SI STRAPPANO I MANIFESTI SCOMODI E SI METTONO ALL’INDICE GLI IMPRENDITORI

TAV . ESPOSITO E FOIETTA: “SI STRAPPANO I MANIFESTI SCOMODI E SI METTONO ALL’INDICE GLI IMPRENDITORI. GLI INTELLETTUALI E IL MONDO DELLA CULTURA E DELLO SPETTACOLO NON HANNO NULLA DA DIRE CONTRO L’INTOLLERANZA CHE SI VIVE IN VALLE DI SUSA?”

Nella giornata di ieri a Bussoleno sono stati affissi negli appositi spazi a pagamento i manifesti di presentazione del nostro libro TAV SI’. Ieri sera i manifesti sono stati strappati. Nulla che non ci aspettassimo. Strappare manifesti è un gesto di debolezza politica e intellettuale da parte di chi lo fa, nonché di intolleranza. Ma non è questo quello che ci preoccupa.

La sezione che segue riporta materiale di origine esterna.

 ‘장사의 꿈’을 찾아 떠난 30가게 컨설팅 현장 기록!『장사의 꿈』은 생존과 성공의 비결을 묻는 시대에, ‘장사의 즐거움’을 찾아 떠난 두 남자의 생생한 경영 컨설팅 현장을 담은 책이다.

Piuttosto ci preoccupa il fatto che gli stessi manifesti strappati sono stati raccolti e depositati davanti all’abitazione del sindaco di Bussoleno (che notoriamente non è una fervente No Tav ma un amministratore che dialoga con le istituzioni). Un gesto che assomiglia molto ai messaggi intimidatori che nei film sulla mafia vengono lasciati davanti alla casa di chi non si piega al clan di turno.

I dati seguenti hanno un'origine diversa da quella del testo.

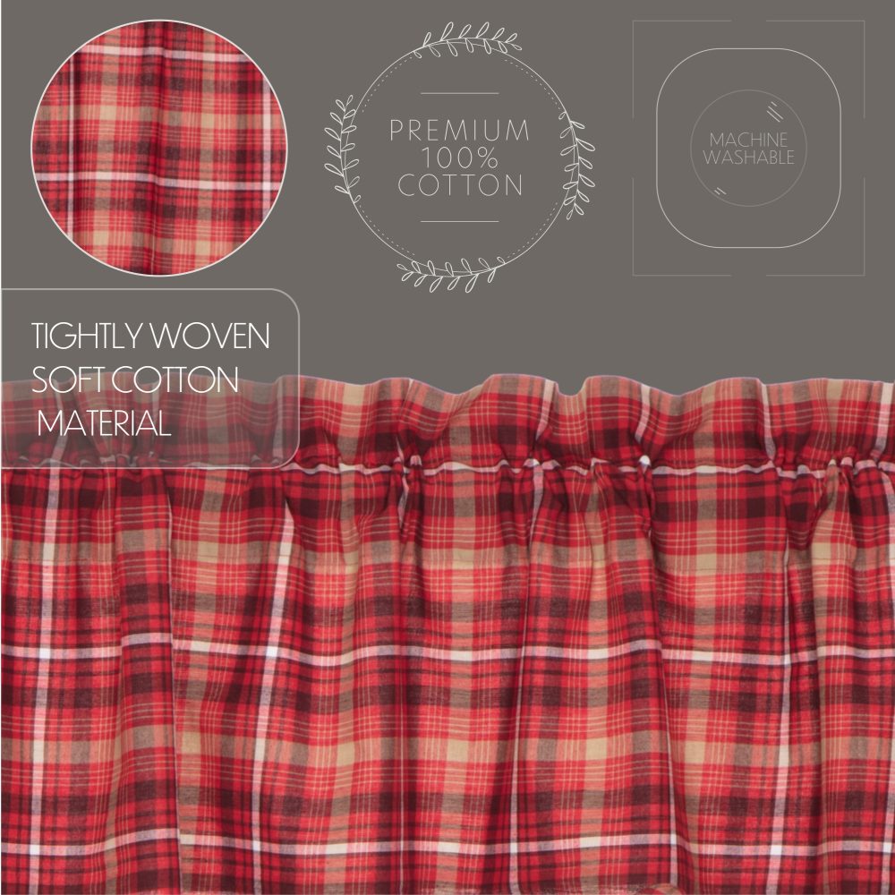 Embracing traditional American plaid, the Braxton Scalloped Window Tier Set inspires primitive and rustic Americana looks with its apple red, tan, ebony black color on soft, 100% cotton fabric. The scalloped edge lends a soft feel, while the rich red apple hue of these 24x36 short, tier-style curtains brings warmth to your kitchen and dining room. The white cotton lining on the back of our curtains helps filter light and a rod pocket makes hanging convenient and easy.

Questa mattina, con singolare tempismo, i paesi della valle di Susa sono stati tappezzati di altri manifesti dove vengono messe all’indice le aziende di quel territorio che hanno costituito un consorzio per lavorare nel cantiere della Torino-Lione: manifesti che indicano nomi dei proprietari, indirizzi e numeri di telefono degli stessi.
Questi fatti sono gli ultimi di una lunga sequenza che dimostra la totale mancanza di agibilità democratica e politica in Valle di Susa a causa dell’illegalità diffusa messa in atto da pezzi, secondo noi numericamente minoritari ma culturalmente egemoni, del movimento No Tav. Basta ricordare l’impossibilità per il commissario di Governo Mario Virano di partecipare a un dibattito in una scuola di Susa o l’impossibilità per il procuratore Caselli di partecipare alle commemorazioni legate alla Liberazione.
Abbiamo più volte denunciato il silenzio della politica. Ora la politica una posizione netta l’ha presa. Quello che continua a mancare di fronte a questi gesti di palese illegalità, e si tratta ormai di un silenzio assordante, è una netta, chiara ed inequivocabile presa di distanza da parte del mondo intellettuale, culturale e dello spettacolo. Cantanti e comici non perdono occasione per usare la ‘nobile’ battaglia contro la TAV per chiamare un applauso o una risata. Purtroppo, crediamo ci sia poco da ridere e da applaudire a fronte dell’intolleranza rivolta ora contro un libro ora contro chi vuole semplicemente lavorare in un cantiere o contro chi fa il suo dovere di magistrato o di agente.
Un’intolleranza che dovrebbe far riflettere i paladini della libertà di pensiero. In questi giorni si sta svolgendo un’importante iniziativa che riguarda la legalità, in occasione della quale quei mondi a cui abbiamo fatto riferimento discutono di mafia, di vittime della mafia e dell’importanza di diffondere la cultura della legalità. Sommessamente ci permettiamo di suggerire di abbinare alla riflessione sull’illegalità che ha contraddistinto la storia d’Italia anche una riflessione sull’illegalità che si vive in Valle di Susa.
Sappiamo per esperienza che non basterà questo nostro comunicato a far sì che questo succeda, ma come è avvenuto in questi anni continueremo a denunciare i silenzi o, peggio, i sostegni più o meno espliciti alla cultura antidemocratica che connota una parte del movimento No Tav, con la speranza che qualcosa possa cambiare e si possano evitare fatti ancora più gravi.
Ovviamente i nostri manifesti verranno riattaccati.